KR20200093877A - Heavy metal detection - Google Patents

Abstract

The present invention relates to a heavy metal detection kit, and comprises: a kit-shaped housing unit; a paper sensor unit coupled to the housing unit, and changing into a color corresponding to heavy metal when making contact with a liquid containing the heavy metal; an RGB color sensor unit coupled to the housing unit and checking which color density level of preset color density levels corresponds to the changed color density of the paper sensor unit; and a microprocessor unit coupled to the housing unit and checking the content of the heavy metal corresponding to the color density level.

Description

Heavy metal detection kit

The present invention relates to a heavy metal detection kit, and more specifically, based on a paper sensor unit whose color is changed by reacting with a heavy metal, the RGB color sensor unit and the microprocessor unit are respectively connected to check the type of heavy metal and the concentration of heavy metal, It relates to a heavy metal detection kit for expressing this information on the display unit.
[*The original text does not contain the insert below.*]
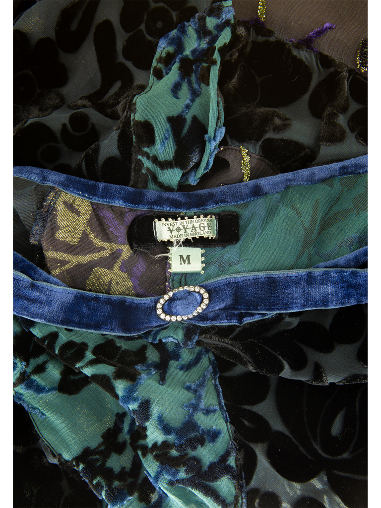 Highly sought after Voyage bias cut trousers made up of assorted contrasting panels of devoré in shades of blue turquoise and gold. The trousers hems are trimmed in beaded fringe and the waist is finished with a blue ribbon belt with delicate oval diamanté buckle.

Due to this, heavy metal detection time is shortened, heavy metal detection efficiency is increased, and cost is reduced by simplifying the kit structure.
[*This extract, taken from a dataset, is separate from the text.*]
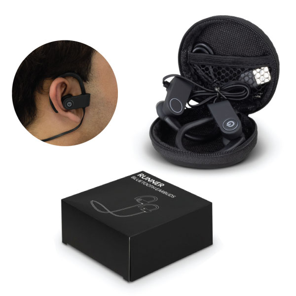 Stay active and listen to your favourite music with the Arlo Bluetooth Earbuds and Carry Case. These earbuds last for up to 10 hours and are comfortable with their silicone ear hooks and neck strap. You can easily control your calls and music with the built in controls. The earbuds are supplied in a convenient carry case with a charging cable and instructions.Â

At present, the development of various industries is rapidly polluting the global environment, which causes damage not only to humans but also to animals and plants. In particular, human beings are end consumers of the food pyramid and are exposed unprotected, such as an increase in the incidence of cancer due to ingestion of various toxic pollutants, and an increase in the probability of birth defects.
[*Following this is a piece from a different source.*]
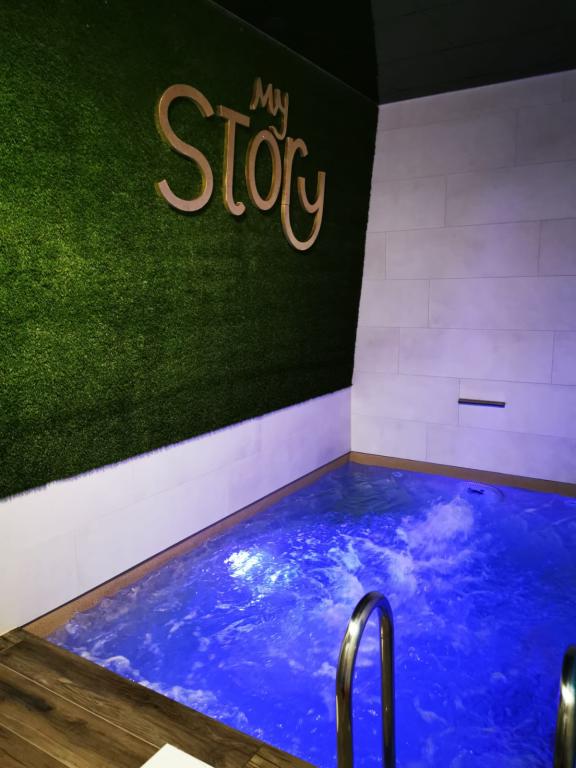 Welcome Apartment My Story to idealny wybór na urlop lub wizytę biznesową w Osijeku. Znajduje się w zachodniej części miasta, zaledwie 10 minut spacerem od Rynku Głównego, katedry, teatru, instytucji publicznych oraz promenady nad Drawą. W nowocześnie urządzonym i starannie wyposażonym apartamencie nasi goście mogą korzystać z krytego basenu z podgrzewaną wodą, który dzięki przeciwprądowi jest odpowiedni dla pływaków o różnych umiejętnościach i stylach pływackich. Zrelaksuj się w łaźni tureckiej, która działa uspokajająco i antystresowo, poprawia krążenie, łagodzi problemy z oddychaniem, wspomaga krążenie limfy, wzmacnia odporność i pomaga w usuwaniu cellulitu. Kryty basen o powierzchni 10 m2 i głębokości 1,5 m obejmuje możliwość pływania w przeciwprądzie. Temperatura basenu wynosi 31 C. Strefa wellness w apartamencie i basen są przeznaczone tylko dla gości tego apartamentu. Pojemność mieszkania to 2+1 dziecko. Strzeżony parking dla prywatnego samochodu z kamerą monitorującą

These heavy metals are transmitted over various organs such as the human skin, respiratory system, digestive system, and nervous system by various routes such as food intake, direct inhalation, and skin exposure based on water, and exhibit fatal toxicity to the human body.

Therefore, it is necessary to secure a technology capable of detecting heavy metals contained in a liquid such as water and accurately measuring the amount.

In the past, the detection kit form was used, but the form was complicated and the process for determining the concentration was complicated, which was not intuitive. In addition, the price of the detection kit was expensive, so many of the test institutes could not secure it, and there was a problem in that the detection efficiency was lowered.

Accordingly, there is a need for a heavy metal detection kit that simplifies the construction of the heavy metal detection kit and shortens the detection time of the heavy metal, thereby increasing detection efficiency.

Republic of Korea Patent Publication No. 10-2018-0125711

The present invention relates to a heavy metal detection kit, and more specifically, based on a paper sensor unit whose color is changed by reacting with a heavy metal, the RGB color sensor unit and the microprocessor unit are respectively connected to check the type of heavy metal and the concentration of heavy metal, It relates to a heavy metal detection kit for expressing this information on the display unit. Due to this, heavy metal detection time is shortened, heavy metal detection efficiency is increased, and cost is reduced by simplifying the kit structure.

In order to achieve the object of the present invention, a heavy metal detection kit according to the present invention includes a kit-shaped housing part; A paper sensor unit coupled to the housing unit and changing to a color corresponding to the heavy metal by contacting the liquid containing the heavy metal; An RGB color sensor unit coupled to the housing unit to check which color concentration step of the preset color density step corresponds to a density of the changed color of the paper sensor part; And a microprocessor unit coupled to the housing unit to check the content of the heavy metal that meets the color concentration step.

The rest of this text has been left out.